▸ WHAT THIS TASK INVOLVES
Among the entries below, retype exactly the lines starting with the one with "我院文秘专业08级学生魏伟伟(右一)正在为鲁昕副部长做速录" and going on through the one with "我公司在報(bào)廢汽車回", but not the pictures.

▸ DATA SUPPLIED
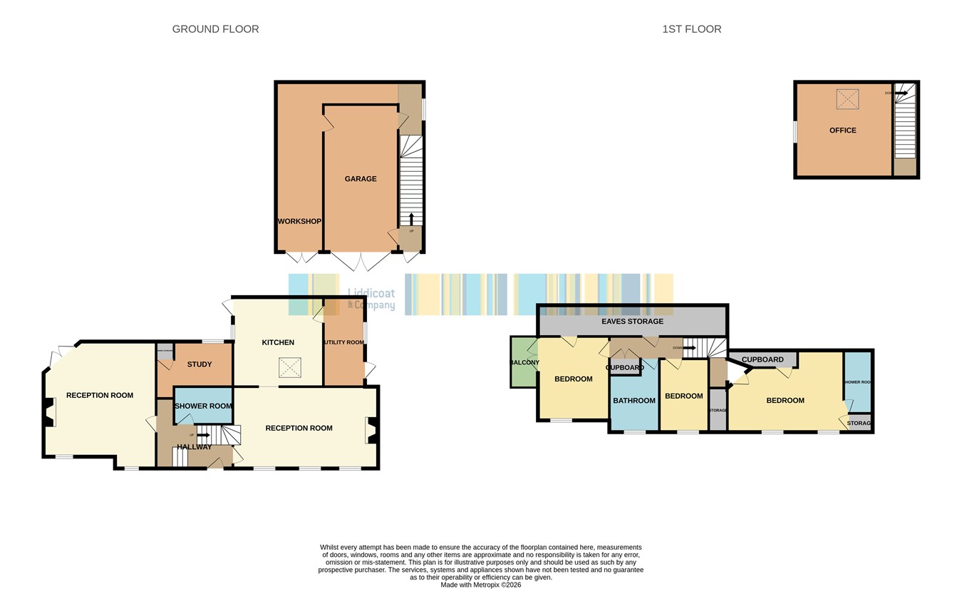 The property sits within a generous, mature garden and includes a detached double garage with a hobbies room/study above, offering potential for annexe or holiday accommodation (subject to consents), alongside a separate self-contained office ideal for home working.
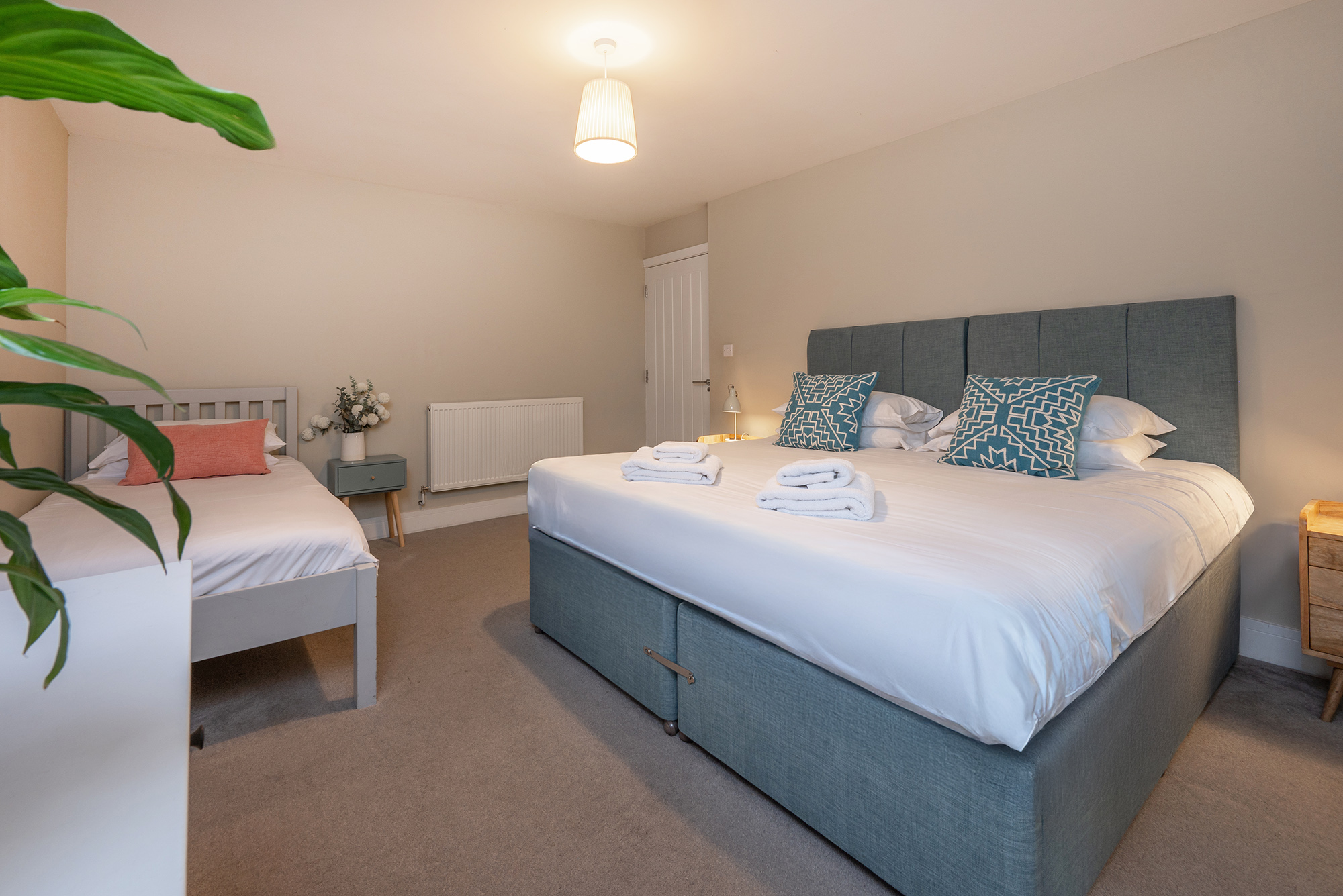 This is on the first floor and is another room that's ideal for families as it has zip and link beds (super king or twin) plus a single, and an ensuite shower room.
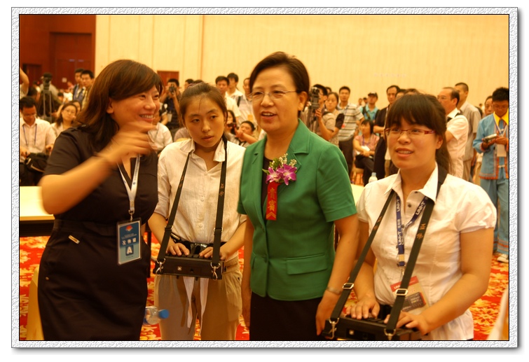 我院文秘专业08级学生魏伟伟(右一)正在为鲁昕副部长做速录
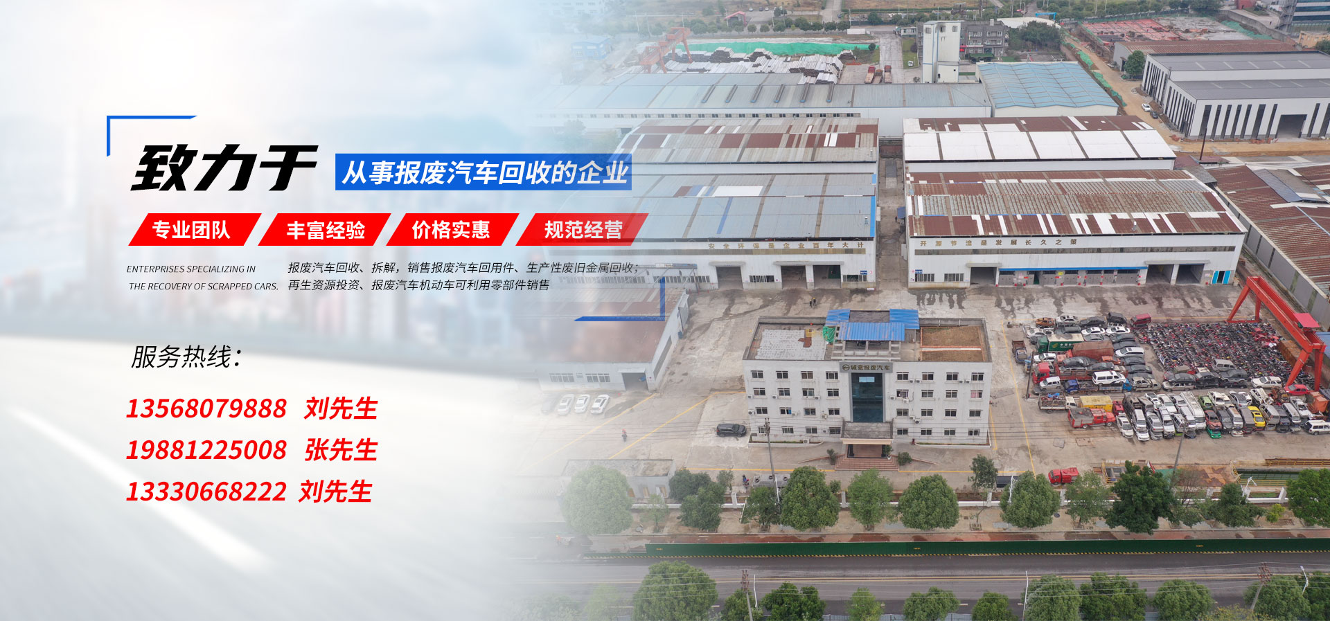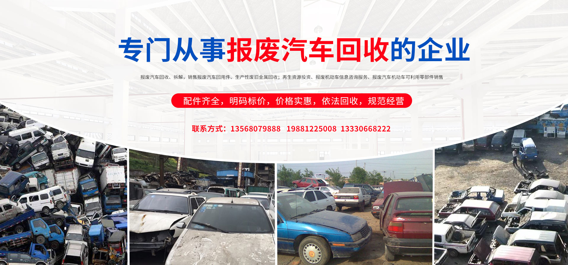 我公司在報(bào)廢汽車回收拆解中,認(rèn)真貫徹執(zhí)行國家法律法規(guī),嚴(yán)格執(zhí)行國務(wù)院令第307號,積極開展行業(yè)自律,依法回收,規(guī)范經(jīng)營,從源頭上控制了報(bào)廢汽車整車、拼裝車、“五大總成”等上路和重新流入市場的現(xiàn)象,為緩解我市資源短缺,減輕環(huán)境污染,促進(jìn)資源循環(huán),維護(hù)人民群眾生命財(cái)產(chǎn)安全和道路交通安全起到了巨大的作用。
---
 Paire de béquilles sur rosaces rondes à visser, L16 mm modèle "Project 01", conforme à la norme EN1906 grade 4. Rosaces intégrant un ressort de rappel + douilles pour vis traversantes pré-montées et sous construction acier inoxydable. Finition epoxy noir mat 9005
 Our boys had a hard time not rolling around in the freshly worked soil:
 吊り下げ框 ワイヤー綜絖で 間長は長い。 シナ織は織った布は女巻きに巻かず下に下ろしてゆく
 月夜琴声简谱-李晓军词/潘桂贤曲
==
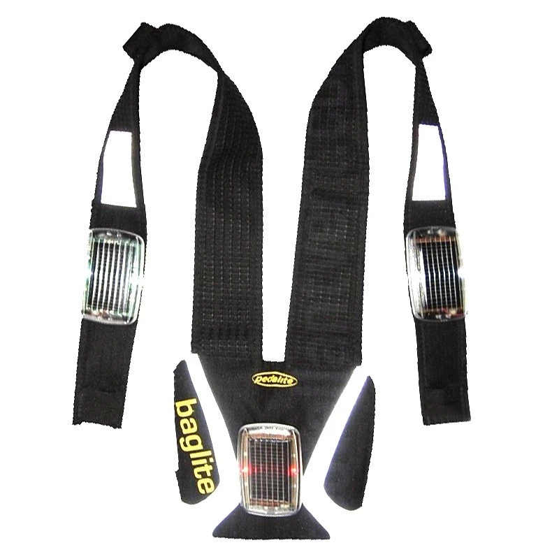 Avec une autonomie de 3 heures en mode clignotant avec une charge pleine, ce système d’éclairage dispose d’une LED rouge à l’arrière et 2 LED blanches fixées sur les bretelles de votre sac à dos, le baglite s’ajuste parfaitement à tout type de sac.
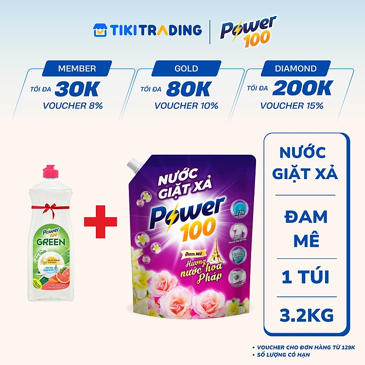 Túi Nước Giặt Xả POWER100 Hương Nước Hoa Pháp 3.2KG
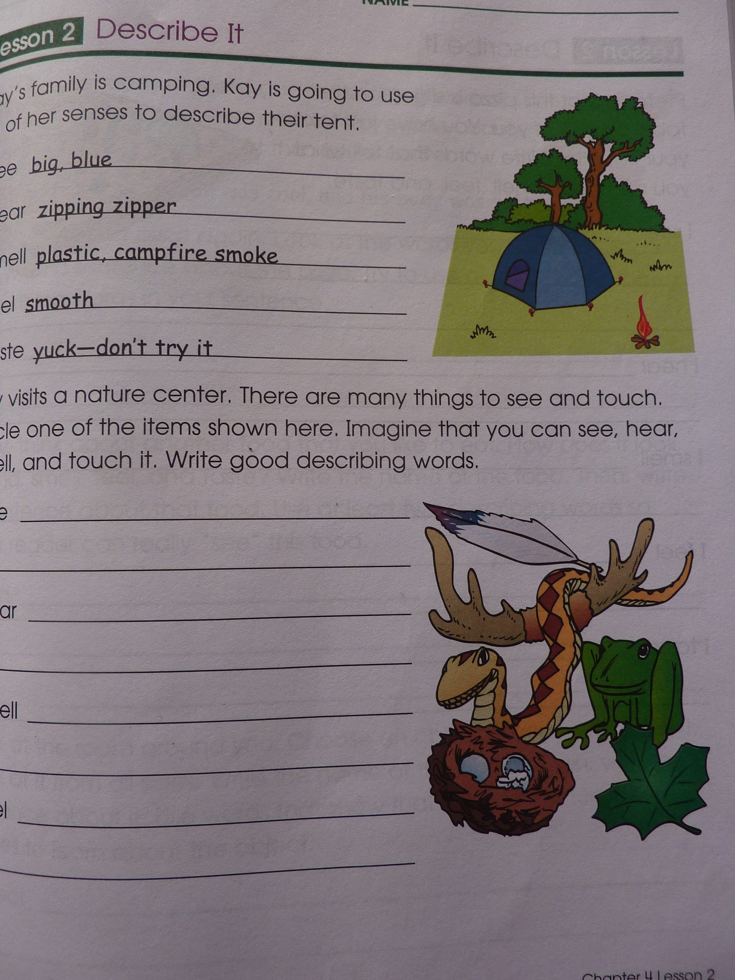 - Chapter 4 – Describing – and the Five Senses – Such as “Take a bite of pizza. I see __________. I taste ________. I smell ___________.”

▸ REPLY
 我院文秘专业08级学生魏伟伟(右一)正在为鲁昕副部长做速录
 我公司在報(bào)廢汽車回收拆解中,認(rèn)真貫徹執(zhí)行國家法律法規(guī),嚴(yán)格執(zhí)行國務(wù)院令第307號,積極開展行業(yè)自律,依法回收,規(guī)范經(jīng)營,從源頭上控制了報(bào)廢汽車整車、拼裝車、“五大總成”等上路和重新流入市場的現(xiàn)象,為緩解我市資源短缺,減輕環(huán)境污染,促進(jìn)資源循環(huán),維護(hù)人民群眾生命財(cái)產(chǎn)安全和道路交通安全起到了巨大的作用。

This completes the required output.